UNITED STATES
SECURITIES AND EXCHANGE COMMISSION
WASHINGTON, D.C. 20549

______________

 

FORM 8-K 

 

CURRENT REPORT
PURSUANT TO SECTION 13 OR 15(d) OF THE
SECURITIES EXCHANGE ACT OF 1934

 

Date of Report (Date of earliest event reported): May 14, 2014

 

Lihua International, Inc.

(Exact Name of Registrant as Specified in Charter)

 

Delaware   000-52650   14-1961536
(State or Other Jurisdiction of Incorporation)   (Commission File Number)     (IRS Employer Identification No.)

 

c/o Lihua Holdings Limited
Houxiang Five-Star Industry District
Danyang City, Jiangsu Province, PRC 212312
(Address of Principal Executive Offices and Zip Code)

 

Registrant’s telephone number, including area code: +86-511-86317399

 

(Former Name or Former Address, if Changed Since Last Report)

 

Check the appropriate box below if the Form 8-K filing is intended to simultaneously satisfy the filing obligation of the registrant under any of the following provisions (see General Instruction A.2. below):

 

¨ Written communications pursuant to Rule 425 under the Securities Act (17 CFR 230.425)

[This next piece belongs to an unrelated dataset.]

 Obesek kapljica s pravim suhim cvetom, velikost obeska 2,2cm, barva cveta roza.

¨ Soliciting material pursuant to Rule 14a-12 under the Exchange Act (17 CFR 240.14a-12)

¨ Pre-commencement communications pursuant to Rule 14d-2(b) under the Exchange Act (17 CFR 240.14d-2(b))

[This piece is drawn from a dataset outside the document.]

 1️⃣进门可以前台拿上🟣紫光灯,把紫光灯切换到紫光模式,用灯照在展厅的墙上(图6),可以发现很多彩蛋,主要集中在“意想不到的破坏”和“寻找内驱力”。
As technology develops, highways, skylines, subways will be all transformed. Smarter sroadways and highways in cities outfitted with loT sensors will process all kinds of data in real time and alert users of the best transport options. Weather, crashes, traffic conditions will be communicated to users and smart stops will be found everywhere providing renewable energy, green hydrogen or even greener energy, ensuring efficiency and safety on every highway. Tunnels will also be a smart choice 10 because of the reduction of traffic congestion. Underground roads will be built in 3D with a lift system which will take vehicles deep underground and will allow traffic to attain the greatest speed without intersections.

¨ Pre-commencement communications pursuant to Rule 13e-4(c) under the Exchange Act (17 CFR 240.13e-4(c))

 

 
 

 

Item 3.01. Notice of Delisting or Failure to Satisfy a Continued Listing Rule or Standard; Transfer of Listing.

 

On May 14, 2014, Lihua International, Inc. (the “Company”) received a letter from the Staff of the Nasdaq Stock Market LLC (“Nasdaq”), which stated that, since the Company has not yet filed its Form 10-Q for the period ended March 31, 2014 (the “Filing”), it no longer complies with the requirement set forth in Nasdaq Rule 5250(c)(1), which requires a company to timely file all required periodic financial reports with the Securities and Exchange Commission.

 

In accordance with the letter, the Company must prepare and submit a plan of compliance. The Staff has elected to utilize its discretionary authority set forth in Listing Rule 5101 to shorten the time frame for submission of such plan to the Staff from 60 days to 7 days. If the plan is accepted, Nasdaq can grant an exception of up to 180 calendar days from the Filing’s due date, or until November 10, 2014, to regain compliance. If the Staff does not accept the plan, the Company will have the opportunity to appeal that decision to a Hearings Panel.

 

The Board of Directors intends to submit a plan of compliance within the timeframe provided by the Staff.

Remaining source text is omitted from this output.